In a consultation paper which came out yesterday, the FCA said it would half the amount financial advisers would have to pay because the fee was “disproportionate to the benefit that they are likely to receive” compared to firms such as life insurers and portfolio managers.
The UK finance authority suggested introducing five retirement guidance fee-blocks identifying the businesses that will contribute to collection of the levy. These include deposit acceptors, life insurers, portfolio managers, managers of investment funds and operators of collective investment or pension schemes, who will all pay 22% of the levy, while advisory arrangers, dealers or brokers pay 12%.
Financial advisers who have an income of less than £100,000 will be exempt from paying.
The FCA said: “In our view, the key reason put forward for allocating less [to financial advisers] was that product providers are more likely to benefit as the monies released through pensions flexibility (if used for investment) will be distributed amongst them. The benefit was less clear in the case of financial advisers.
“We also consider, that selecting only these five fee-blocks enables the burden of the levy on firms to be more proportionate to the benefit generally expected to result from the provision of retirement guidance that the levy will fund.”

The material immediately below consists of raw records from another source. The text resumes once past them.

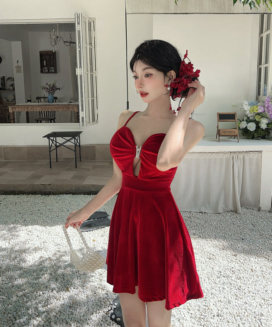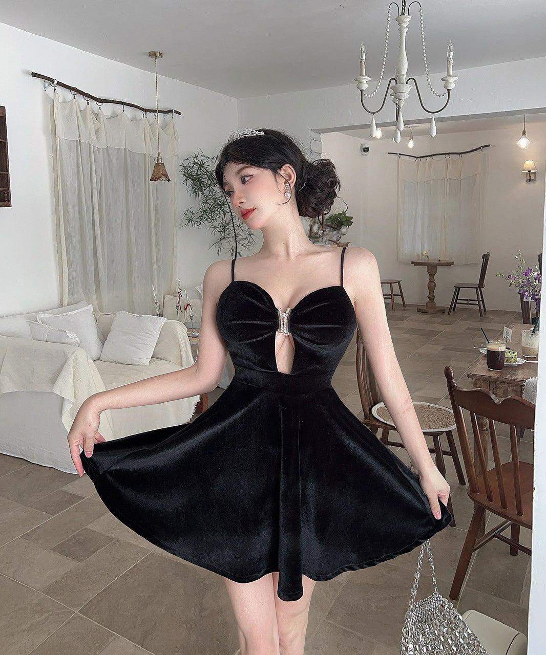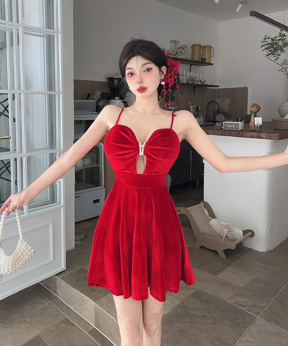 【2色】 ミニドレス キャバドレス セクシー 谷間魅せ Vネック ベルベット タイトキャミワンピース ウエストマーク パーティー 指名 LW2-DD5932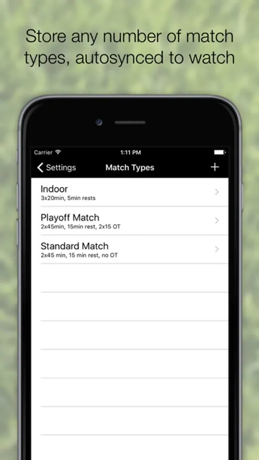 Simple but powerful configuration from the iPhone with automatic synchronization to the Apple Watch allow you to create match configurations for every type of match that you officiate.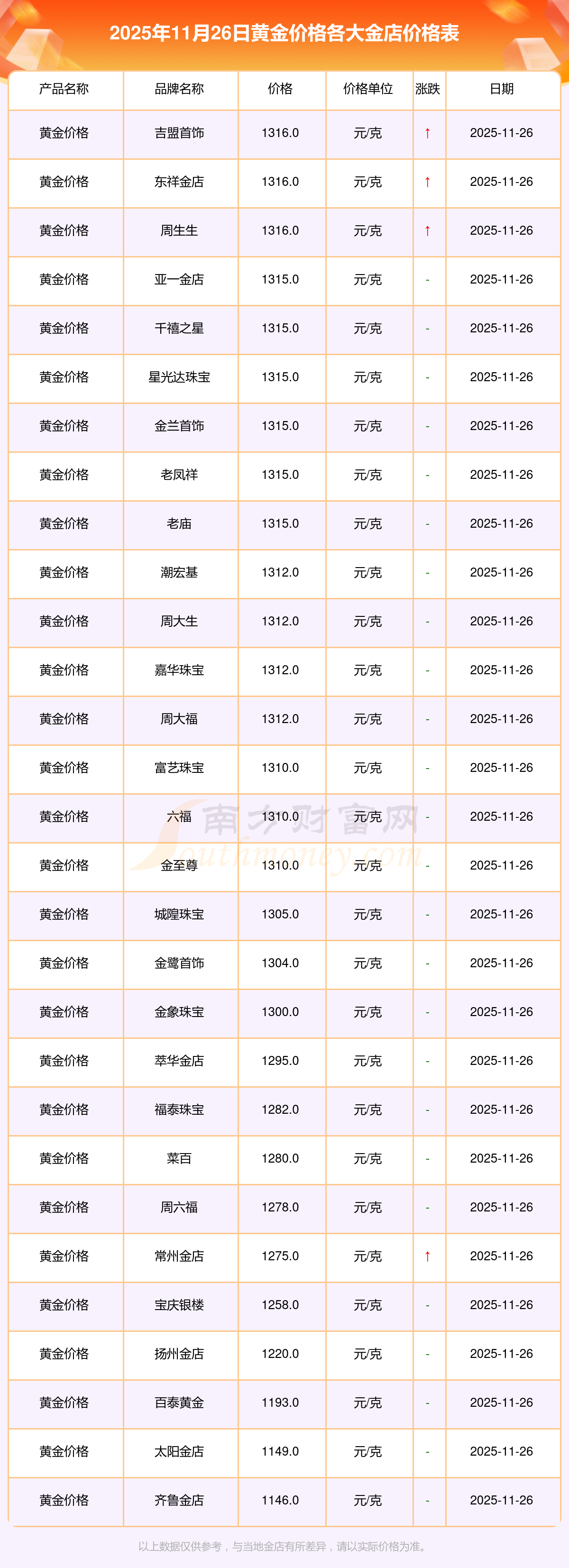 今天是2025年11月26日,周生生、潮宏基、潮宏基、周大生、周大生、亞一金店、亞一金店、寶慶銀樓、寶慶銀樓、太陽金店、太陽金店等各大金店品牌黃金價(jià)格最新價(jià)格如下:周生生1155.0元/克、潮宏基1312.0元/克、潮宏基624.0元/克、周大生1312.0元/克、周大生624.0元/克、亞一金店1315.0元/克、亞一金店600.0元/克、寶慶銀樓1258.0元/克、寶慶銀樓368.0元/克、太陽金店1149.0元/克、太陽金店489.0元/克。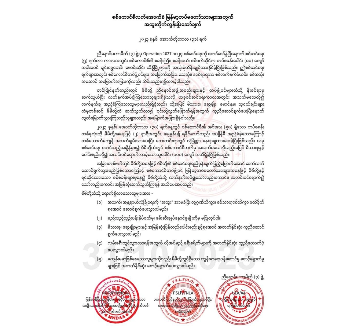 ညီနောင်သုံးဖွဲ့အနေနဲ့ စစ်ရေးရည်မှန်းချက်ပြည့်မြောက်အောင် ဆက်လက်ဆောင်ရွက်မှာ ဖြစ်တာကြောင့် စစ်ကောင်စီတပ်သားတွေ အနေနဲ့ လက်နက်အပ်တာဖြစ်စေ၊ အလင်းဝင်ရောက်တာဖြစ်စေ အမြန်ဆုံးဆက်သွယ်ကြဖို့လည်း တိုက်တွန်းထားပါတယ်။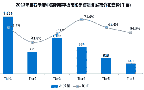 【產(chǎn)通社,5月12日訊】IDC最新發(fā)布的《中國平板市場(chǎng)2000+城市季度跟蹤報(bào)告(2013年第四季度)》顯示,2013 年第四季度消費(fèi)平板市場(chǎng)全國出貨量超過550萬臺(tái),同比上漲近60%;從城市級(jí)別看,一級(jí)城市同比去年上漲61.4%,高過全國平均水平3.6個(gè)百分點(diǎn)。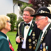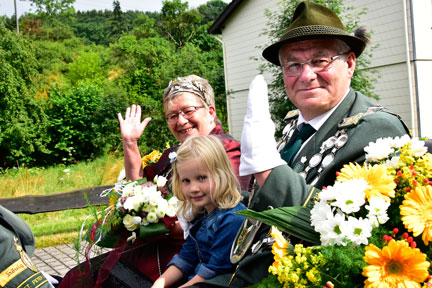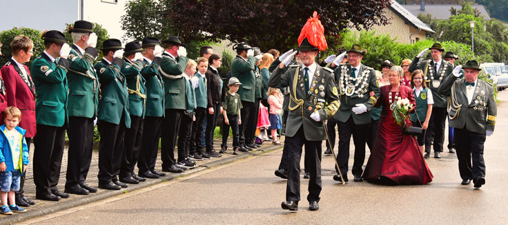| Da es heißt: "Der König macht das Wetter" erschien pünktlich um 17 Uhr zum Vorbeimarsch der Majestäten die Sonne und der Festzug startete im trockenen Richtung Gemünd. |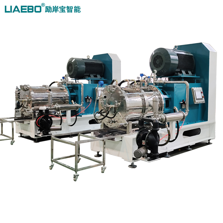 采用循環(huán)研磨工藝,環(huán)保節(jié)能、勞動(dòng)強(qiáng)度小。配制好的原始漿料,經(jīng)過第一遍粗略研磨后,泵入循環(huán)攪拌罐,經(jīng)底部泵輸送進(jìn)入納米研磨機(jī);一邊經(jīng)過研磨后送入循環(huán)罐,與未曾研磨過的物料通過攪拌機(jī)快速混亂,一邊又通過底部泵入砂磨機(jī),周而復(fù)始直到達(dá)成研磨要求。一般而言,罐的容積是砂磨機(jī)流量的1/4。采用循環(huán)研磨工藝或多次研磨工藝能使產(chǎn)能提高,產(chǎn)品顆粒級配分布得以優(yōu)化。稍加一些控制功能,可保證產(chǎn)品的可復(fù)制性及節(jié)省成本。大尺寸轉(zhuǎn)子加上筒狀縫隙式分離器,使該型設(shè)備可使用不同材質(zhì)小顆粒珠子。對于防金屬污染的物料,可采用陶瓷(碳氮化硅,氧化鋯)及聚氨酯結(jié)構(gòu)材料。

The new service aims to give people free and impartial advice on how to use their retirement savings in light of the new pension reforms which will be introduced in April 2015.
“Disappointing”
“I’m very pleased with this news,” said the director of Chapters Financial, Keith Churchouse. “With regulatory costs climbing all the time, any reduction is welcome.
“But I do think it’s turning into a political football and the non-trade publications are not helping the situation by calling it advice instead of guidance. The guidance guarantee will not provide solutions, but will present the options and then tell them to go and see an adviser.

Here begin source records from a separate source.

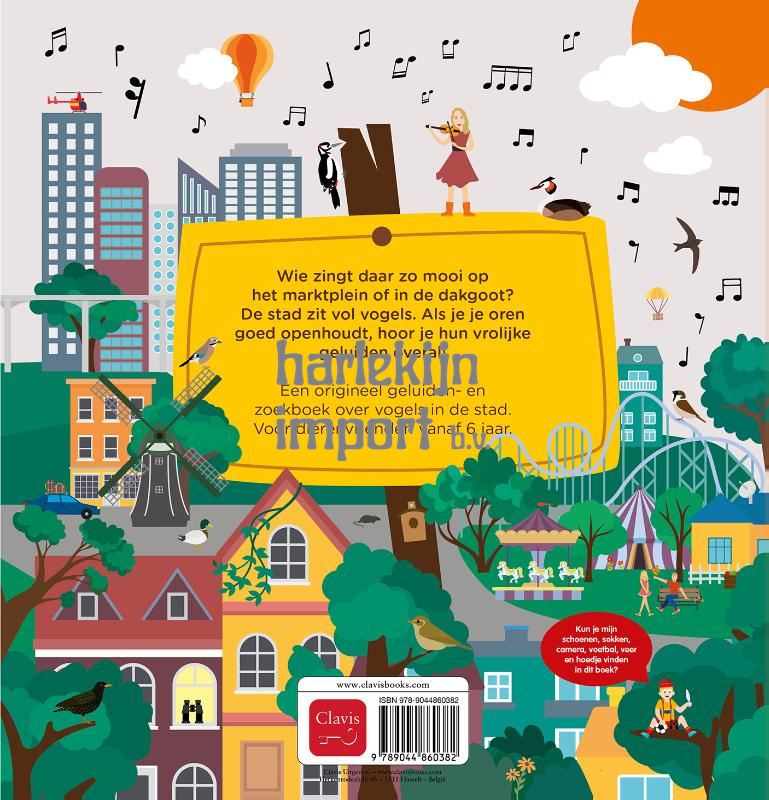 Wie zingt daar zo mooi op het marktplein of in de dakgoot? De stad zit vol vogels. Als je je oren goed openhoudt, hoor je hun vrolijke geluiden overal! Een origineel geluiden- en zoekboek over vogels in de stad. Voor dierenvrienden vanaf 6 jaar.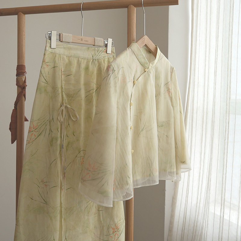 微笑向暖 复古轻国风印花两件套 小个子淑女气质温柔风改良套装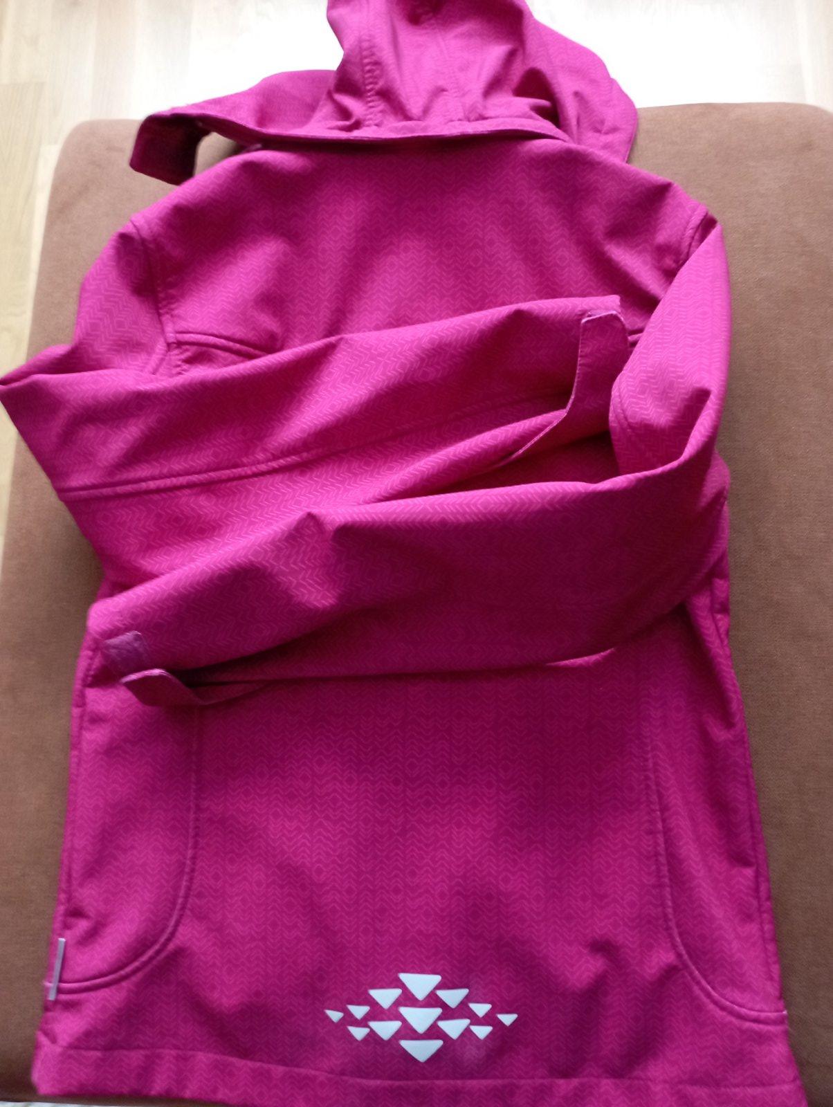 Predám dievčenskú zachovalú softshellovu bundu bordovej farby v.170.Má 2 bočné vrecká na zips, zapínanie je na zips a odnimateľna kapucňa.Cena je bez poštovného.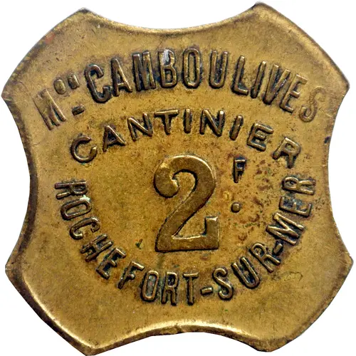 | Obverse lettering | M. Camboulives Cantinier 2F ROCHEFORT-SUR-MER |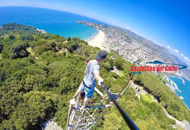 E proprio lo stesso giovane, l’extreme urban free climbing che una anno fa, fu protagonista dell’arrampicata sulla ciminiera della vetreria, che ci regalò una visione assolutamente inedita della città di Gaeta dalla sommità del fumaiolo (LEGGI QUÌ)

“Therefore I think once the product is available to the public their expectations of what it will deliver will be disappointing.”
Toughen up
The regulator has also said it will toughen up on standards for monitoring and enforcing the guidance guarantee “to ensure that all those accessing the service get a consistent outcome”, and is planning a review of the policy next year.

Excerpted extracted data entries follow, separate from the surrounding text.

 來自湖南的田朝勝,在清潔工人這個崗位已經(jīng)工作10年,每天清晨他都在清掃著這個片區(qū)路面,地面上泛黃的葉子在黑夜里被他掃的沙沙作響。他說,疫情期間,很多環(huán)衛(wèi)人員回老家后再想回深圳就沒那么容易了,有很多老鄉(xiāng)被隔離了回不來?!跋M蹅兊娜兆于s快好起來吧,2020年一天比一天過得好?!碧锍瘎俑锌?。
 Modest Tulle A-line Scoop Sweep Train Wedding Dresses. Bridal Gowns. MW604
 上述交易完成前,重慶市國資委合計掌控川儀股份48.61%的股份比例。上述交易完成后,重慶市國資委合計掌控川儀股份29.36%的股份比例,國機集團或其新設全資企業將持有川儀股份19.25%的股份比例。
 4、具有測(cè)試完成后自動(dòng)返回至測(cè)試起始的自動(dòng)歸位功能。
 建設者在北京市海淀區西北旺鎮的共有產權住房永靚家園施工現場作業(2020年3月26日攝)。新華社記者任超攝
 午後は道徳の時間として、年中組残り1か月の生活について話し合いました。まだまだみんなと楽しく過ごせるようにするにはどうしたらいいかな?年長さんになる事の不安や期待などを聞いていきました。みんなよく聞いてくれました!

Director of policy, risk and research at the FCA, Christopher Woolard, said: “It is important that people get support to enable them to make the right choices about what to do with their retirement fund.
“We want this to work well for consumers and the industry and I believe that the standards and rules we have published today strike that balance.
“They will give consumers confidence in the quality of the service they will receive and provide certainty to those tasked with delivering it from April next year.”